Your instructions
Exactly as written, write out the lines below from the first to the one containing "Today I took", inclusive. Pictures do not belong in the copy.

Data segment
______________________________

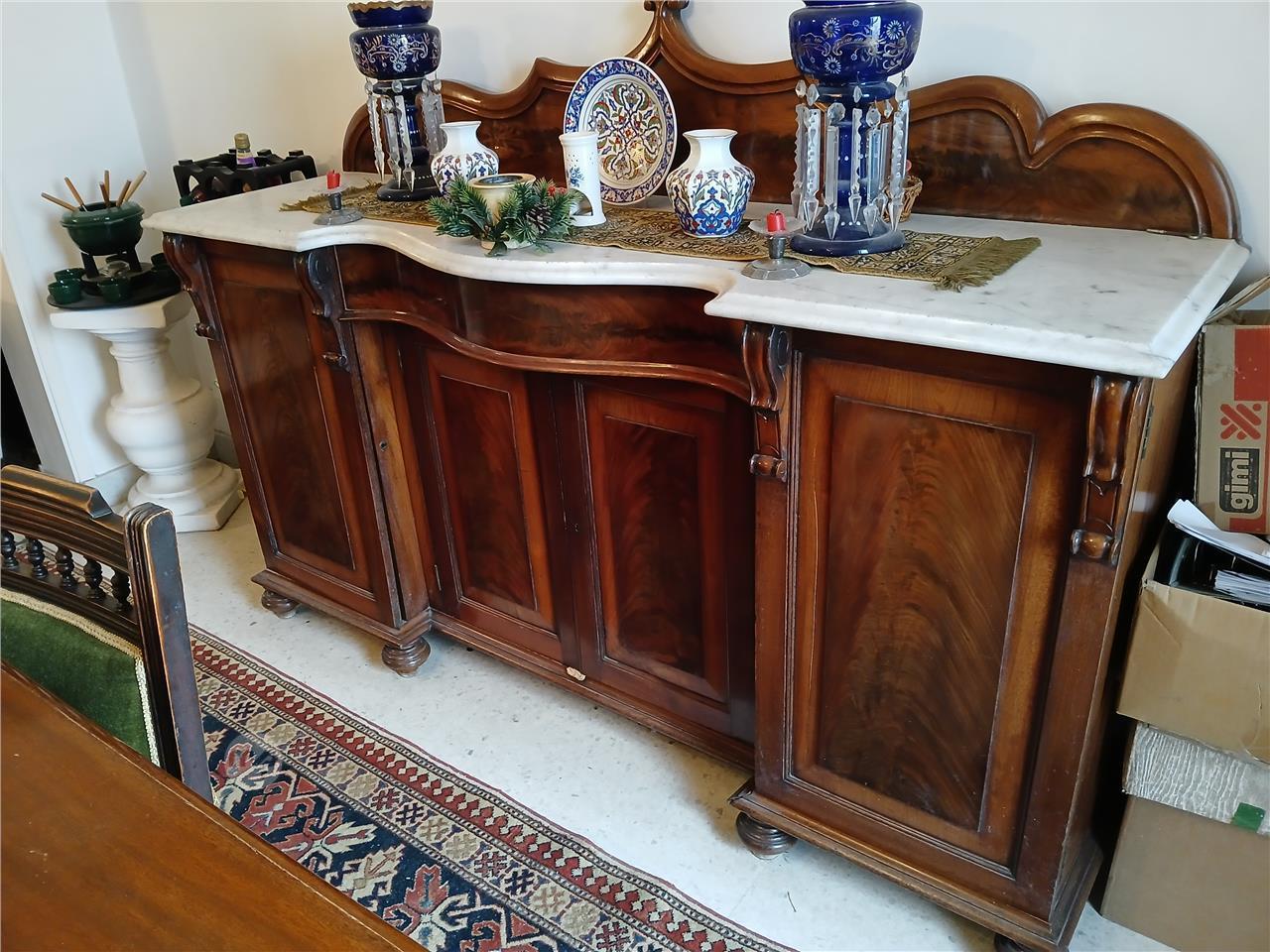 Victorian dining room set - sideboard with marble top, showcase, solid dining table with four chairs.
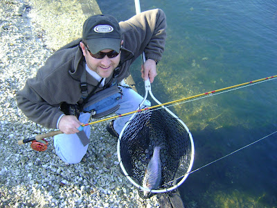 Today I took Brad and Dick out fishing. They were part of a group trip with Jamie. The weather didn't look like it was going to be in our favor, but it ended up holding off almost all day. During lunch we had to take refuge and get out of the storm, but other than that the sun tried to poke out all day! The water was high but the fish were on fire! We caught alot of great rainbows today. The largest was 6 1/2 pounds! The boys did good and turned many a slab today. It was the kind of day that just makes me so glad to call this river my home waters!
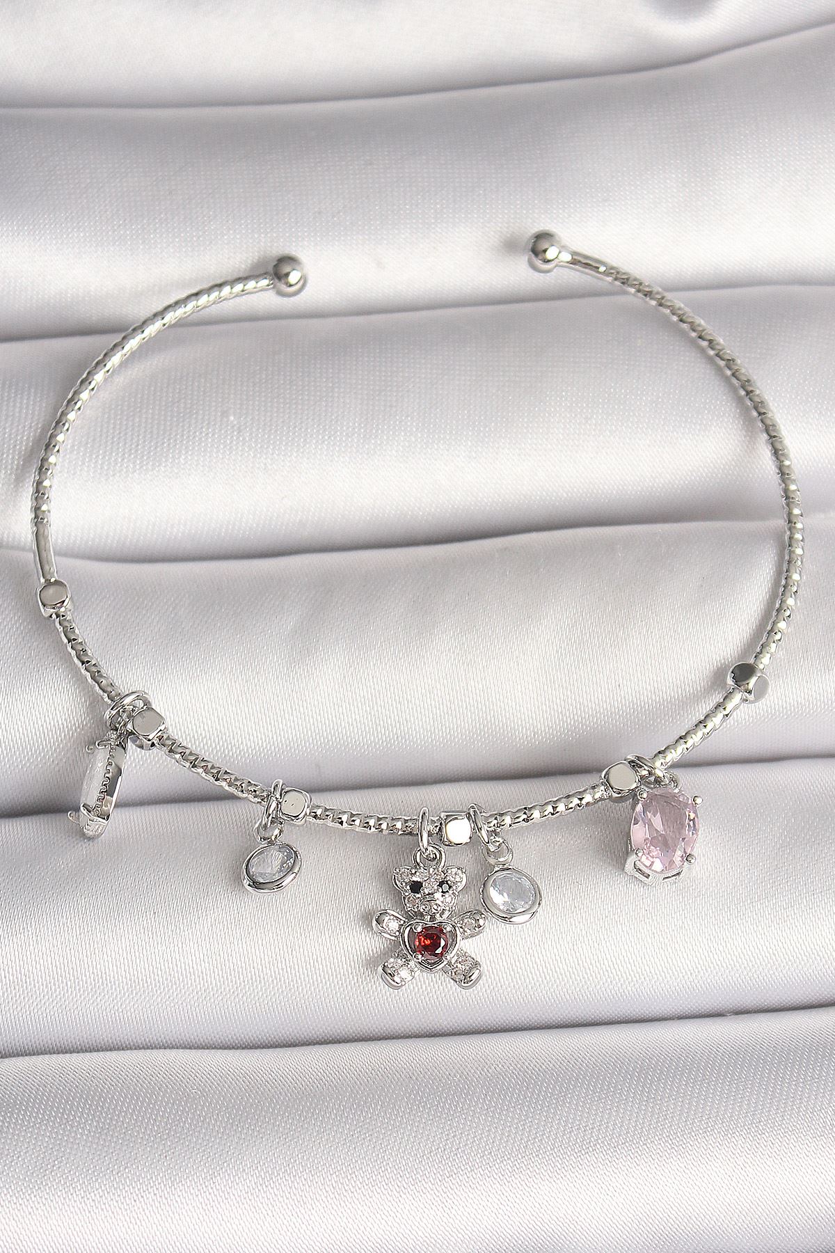 Pirinç Gümüş Renk Sallantı Zirkon Taşlı Ayıcık Figür Kırmızı Taş Detay Charm Kadın Bileklik - TJ-BB6912

______________________________

Response
 Victorian dining room set - sideboard with marble top, showcase, solid dining table with four chairs.
 Today I took Brad and Dick out fishing. They were part of a group trip with Jamie. The weather didn't look like it was going to be in our favor, but it ended up holding off almost all day. During lunch we had to take refuge and get out of the storm, but other than that the sun tried to poke out all day! The water was high but the fish were on fire! We caught alot of great rainbows today. The largest was 6 1/2 pounds! The boys did good and turned many a slab today. It was the kind of day that just makes me so glad to call this river my home waters!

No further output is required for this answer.